Hall signed as a backup quarterback with the Washington Redskins of the National Football League (NFL) in 1962 and appeared in three games. He signed with the New York Jets of the American Football League (AFL) in 1963 and appeared in 13 games, including his only two career starts at the end of the campaign as Coach Weeb Ewbank attempted to jumpstart the slumping squad. Hall's first professional start came on December 14 against the Buffalo Bills, and he quickly threw a 73 yard touchdown pass to Don Maynard for what turned out to be the last touchdown pass in the history of the Polo Grounds.It would also be the last touchdown pass of Hall's short pro career, as he threw five interceptions over his two starts and the Jets lost both games.

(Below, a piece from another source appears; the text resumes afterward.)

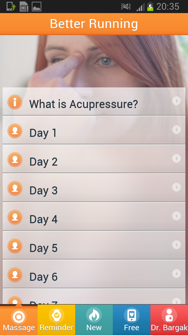 Run Faster - Free Acupressure (Package Name: com.drbargak.MarathonFree) is developed by Dr. Jakob Bargak and the latest version of Run Faster - Free Acupressure 0.5.1 was updated on October 29, 2014. Run Faster - Free Acupressure is in the category of Health & Fitness. You can check all apps from the developer of Run Faster - Free Acupressure. Currently this app is for free. This app can be downloaded on Android 2.3.4+ on APKFab or Google Play. All APK/XAPK files on APKFab.com are original and 100% safe with fast download.

After the season, Hall decided to return to the college game as an assistant coach.
After retiring as a player, Hall was hired as an offensive assistant for the West Virginia Mountaineers, where he coached wide receivers and tight ends during the 1964 and 1965 seasons.
In 1966, Hall joined the staff as a receivers coach under head coach Jim Mackenzie at Oklahoma. Hall was an assistant with the program for the next 17 years under three head coaches - Mackenzie, Chuck Fairbanks, and Barry Switzer. Switzer had been the Sooners' offensive coordinator before taking the head job for the 1973 season, and he promoted Hall to fill his old position.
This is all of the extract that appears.